Impact of Evidence-Based Guidelines on Outcomes of Hospitalized Patients With Clostridium difficile Infection

Stephen J Knaus, Lindsay Saum, Emily Cochard, Wesley Prichard, Brian Skinner, Ryan Medas
Southern Medical Journal 2016, 109 (3): 144-50

OBJECTIVES: Clostridium difficile infection (CDI) is the most common healthcare-associated infection in the United States. Clinical practice guidelines for the treatment of CDI were updated in 2010 by the Society for Healthcare Epidemiology of America and the Infectious Diseases Society of America. An institutional guideline for the classification and management of CDI in accordance with the 2010 Society for Healthcare Epidemiology of America/Infectious Diseases Society of America guideline was developed and provided to attending physicians and medical residents in multiple formats.

METHODS: We sought to determine the impact of an evidence-based guideline for the treatment of CDI at a community teaching hospital. A retrospective chart review was conducted to identify length of stay (LOS), readmission rates, direct cost, mortality, and physician adherence to guidelines in patients with International Classification of Diseases, Ninth Edition codes and laboratory confirmation of CDI between February 1, 2013 and January 31, 2014. Endpoints included LOS after diagnosis of CDI, 30-day readmission rates, direct cost after diagnosis of CDI, and mortality.

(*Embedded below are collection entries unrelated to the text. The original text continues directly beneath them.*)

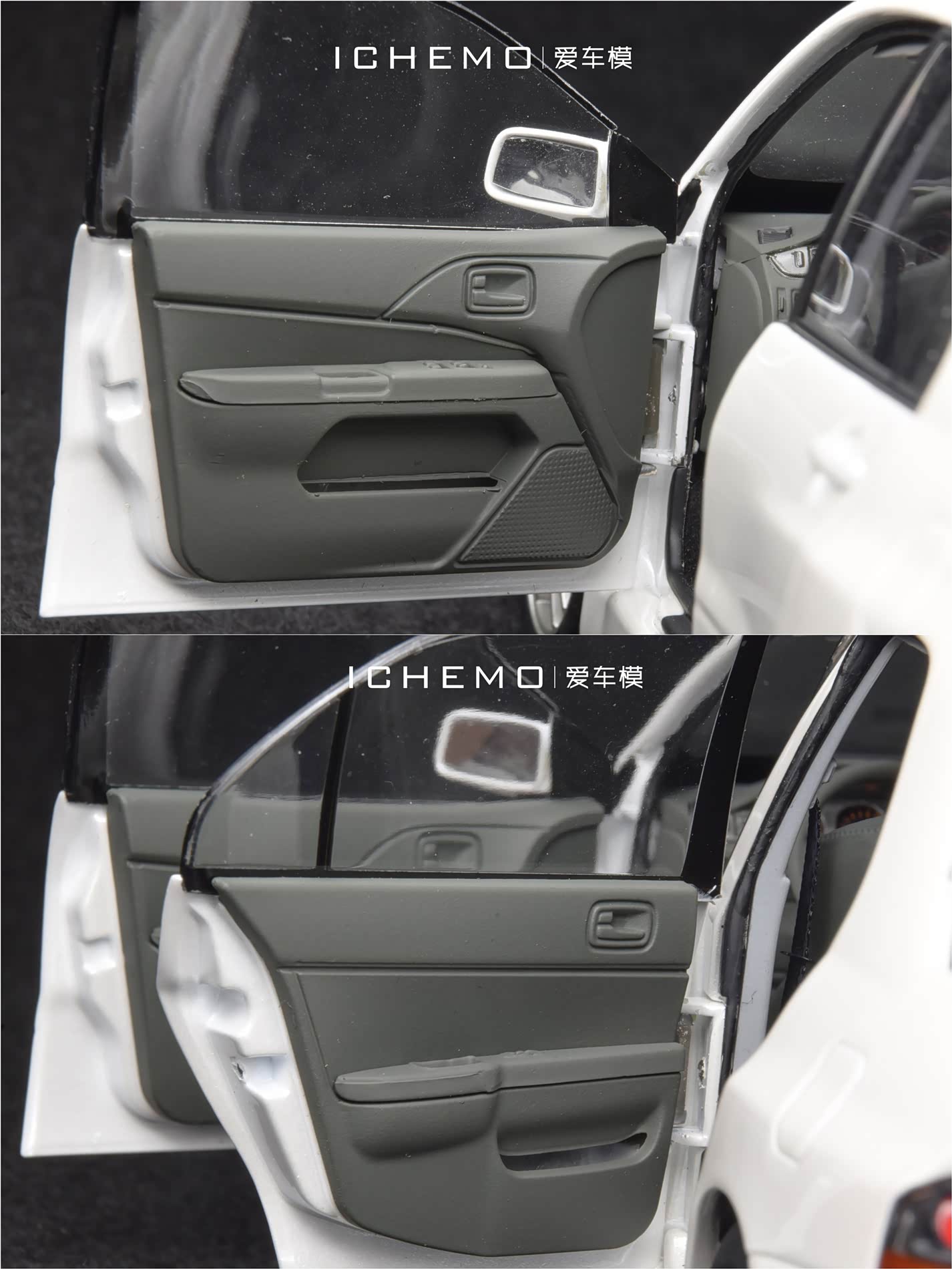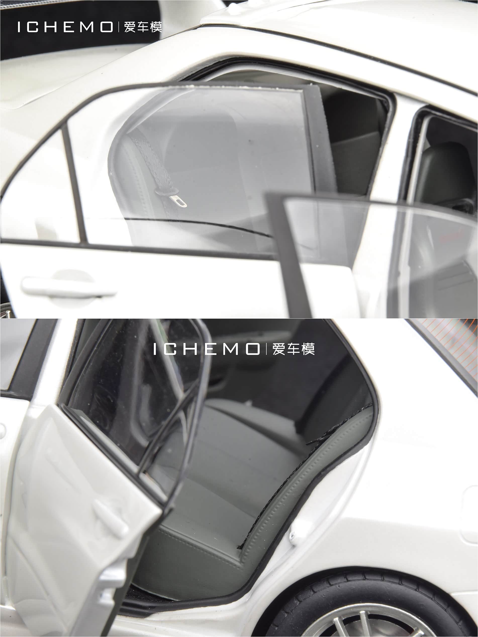 能打开模型车门零件,就能更完整地欣赏模型车内饰部分的细节工艺。三台不同车身配色的样品模型均采用灰色基调的内饰配色方案。
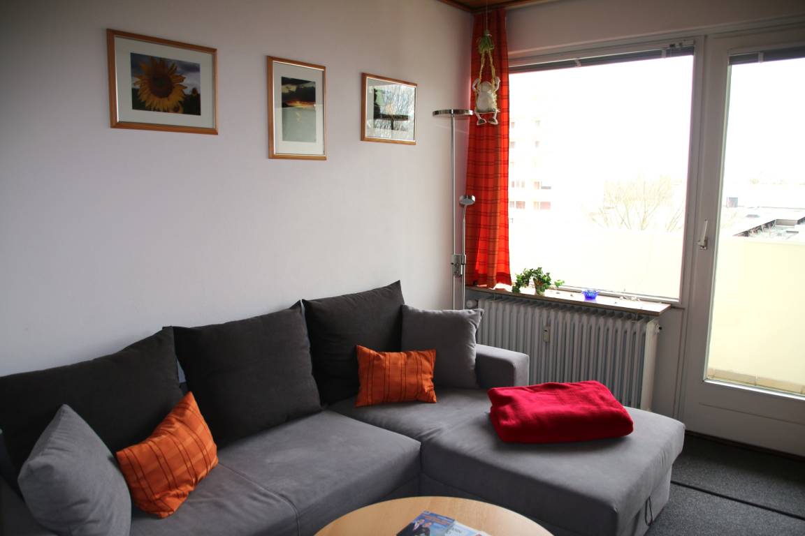 Unsere Wohnung bietet bei einer Größe von 38 m² ausreichend Platz für 3 Personen. Hier fühlen sich Pärchen und auch kleine Familien wohl. Der Wohnraum verfügt über einen Essbereich und eine Couch. Im separaten Schlafraum befindet sich ein Doppelbett (1,40 x 2,00 m) und ein Wandklappbett (0,90 x 1,90 m). Die Küche befindet sich im Eingangsbereich und ist mit einem 2-Platten-Herd, einem Kühlschrank und einem Mini-Backofen ausgestattet. Das Badezimmer ist hell und freundlich und verfügt über ein(e) Dusche/ WC. Auf dem zur Ostseite ausgerichteten Balkon können Sie die Vormittagssonne beim Frühstück genießen. Für Ihren PKW finden Sie ausreichend Abstellmöglichkeiten. Je nach Verfügbarkeit können Sie Ihren PKW direkt in einem der Carports unter der Appartementanlage abstellen oder gegenüber auf dem Parkplatz.
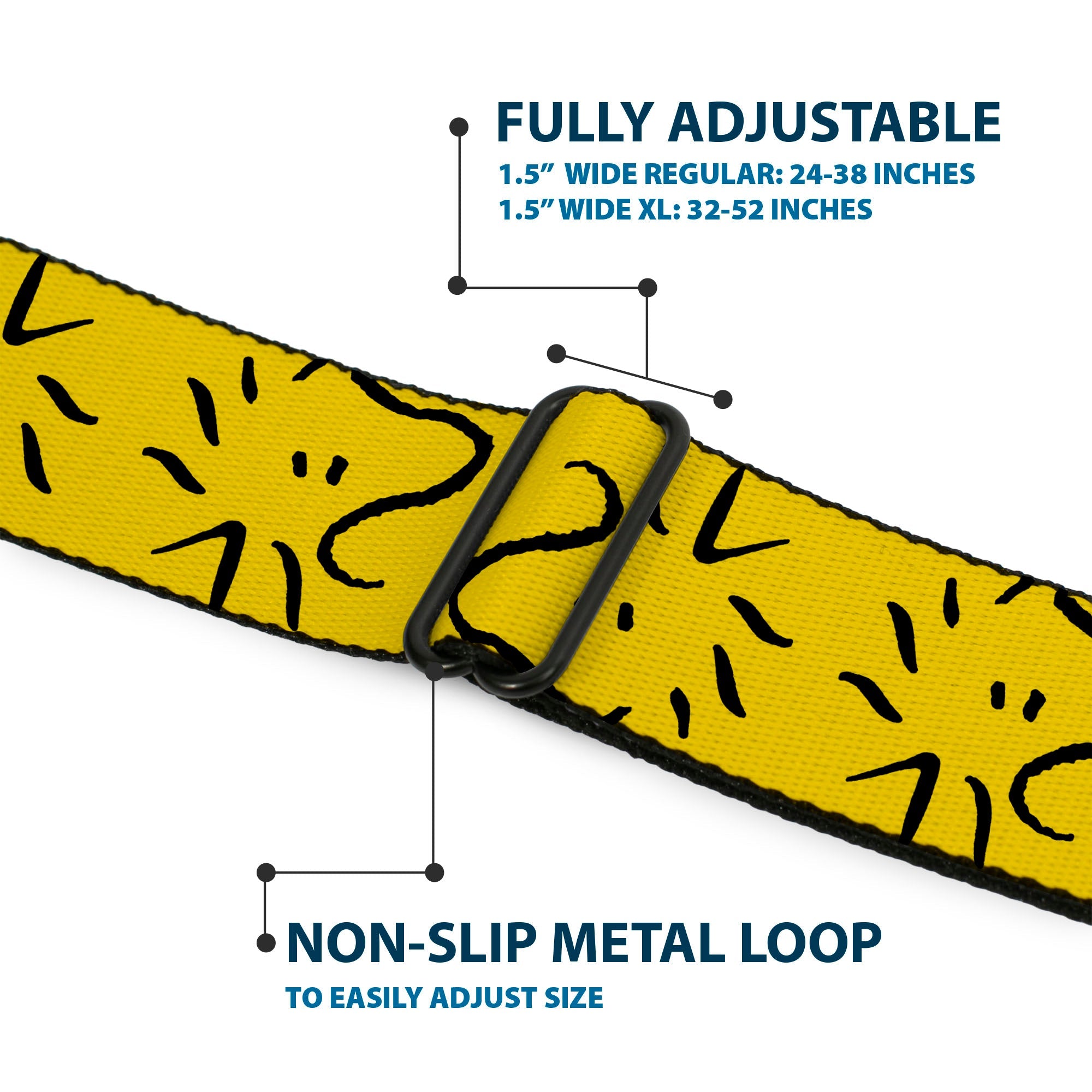PEANUTS Title Logo Full Color Black/White Seatbelt Belt - Peanuts Woodstock Line Face Line Art Yellow/Black Webbing
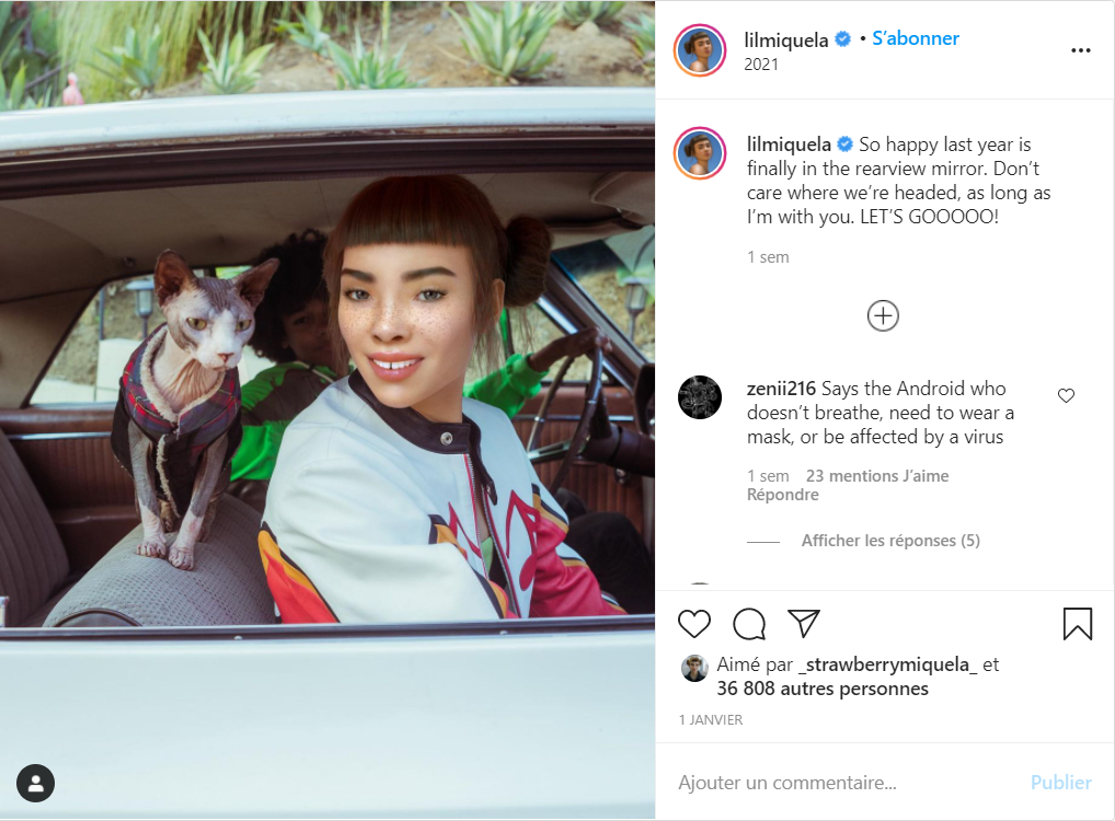 L’influenceuse virtuelle et instagrameuse Lil Miquela n’a pas pris une ride depuis son arrivée en 2016 sur les réseaux sociaux. Considérée comme la première mannequin virtuelle au monde, et classée en 2018 parmi les personnalités les plus influentes d’internet par le magazine « Time », Lil Miquela pourrait avoir éternellement 19 ans. Elle est suivie par près de 3 millions de personnes, et courtisée par les marques pour leur campagnes sponsorisées.
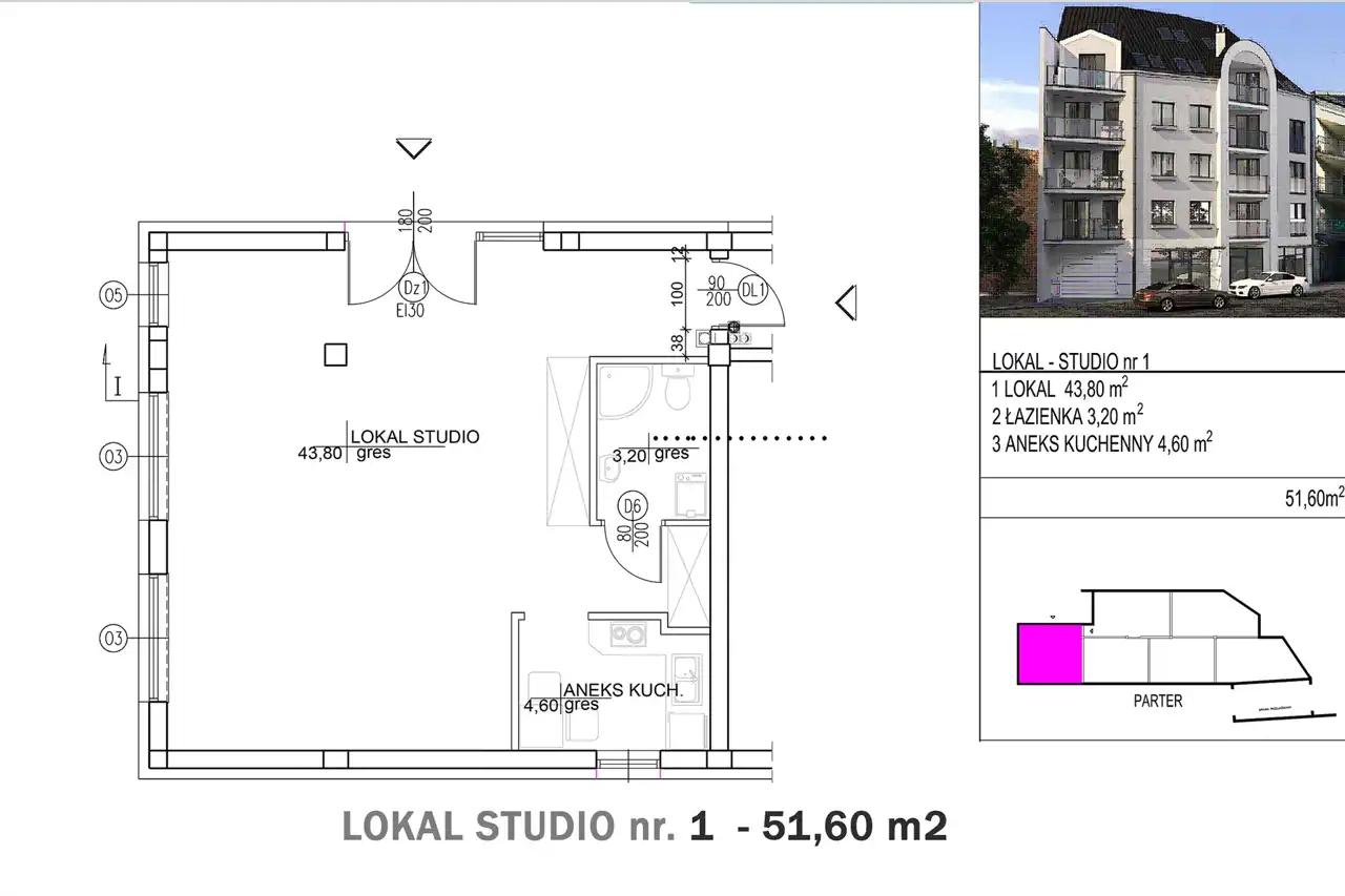 - lokal (43,80 m2),
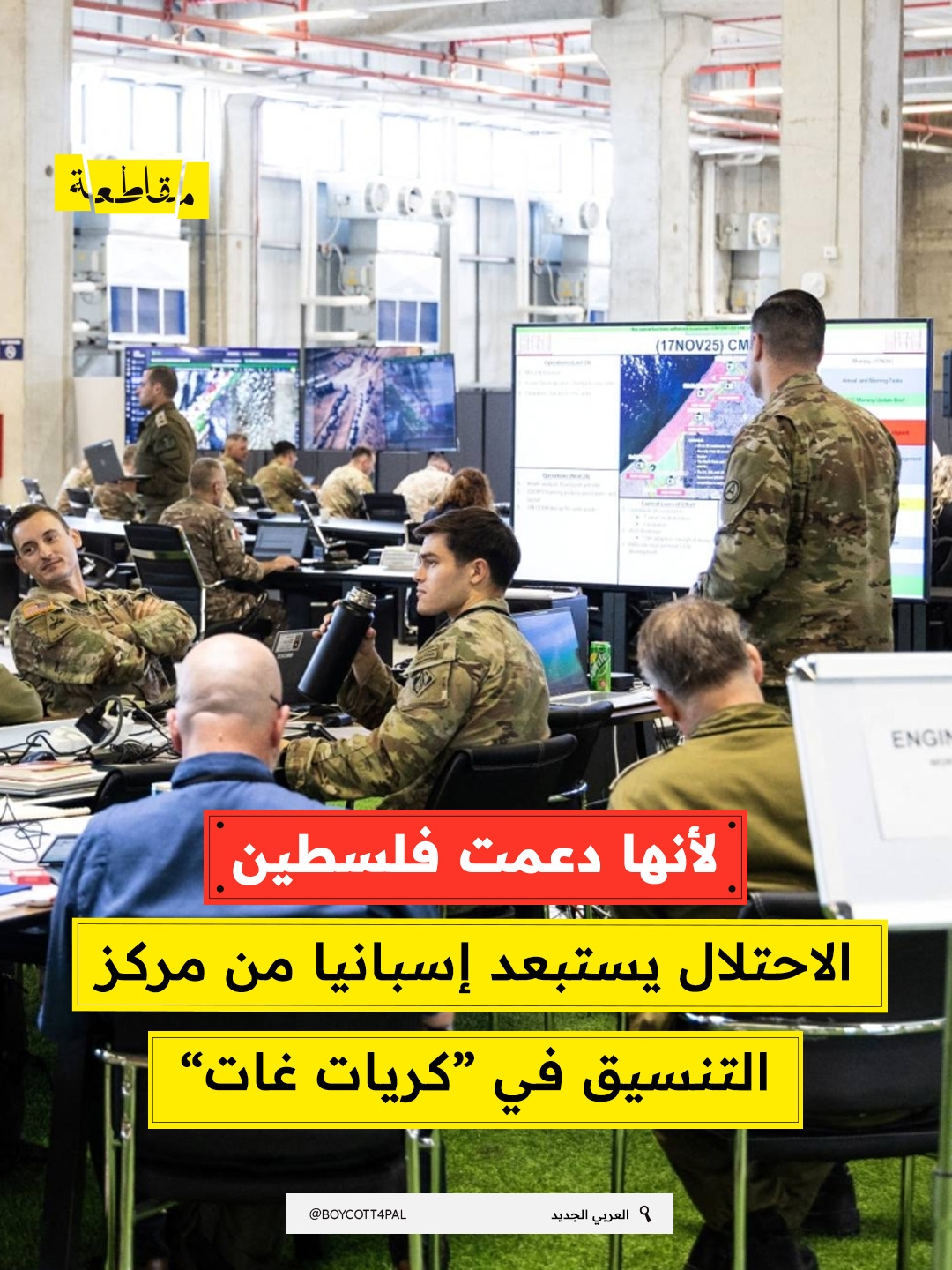قررت حكومة الاحتلال استبعاد إسبانيا من مركز التنسيق المدني - العسكري في "كريات غات"، على خلفية موقفها الرافض للعدوان على فلسطين ولبنان، والذي وصفت الهجوم الأخير على لبنان بأنه "هجوم على الحضارة والقيم الإنسانية".

RESULTS: A total of 351 patient encounters were included in the study. Although not statistically significant, it was found that guideline-based therapy (n = 131) was associated with a lower median LOS (6 days vs 8 days; P = 0.06). Thirty-day hospital readmission (25.2% vs 29.5%; P = 0.39) and median cost after diagnosis of CDI ($7238.48 vs $8794.81; P = 0.10) also were lower but not statistically significant. Patients with mild-to-moderate infection were found to have a significantly lower median LOS (5 days vs 7 days; P = 0.03) and median cost after diagnosis ($5257.85 vs $7680.56; P = 0.03) when treated with guideline-based therapy. Overall physician adherence to guidelines was low, at 38%.

CONCLUSIONS: Treatment with guideline-based therapy for CDI was associated with a trend toward a significantly lower LOS and cost. Barriers to physician adherence to guidelines still exist, despite education and guideline availability. Electronic health record-based order sets or clinical decision tools may improve recognition of and adherence to guidelines.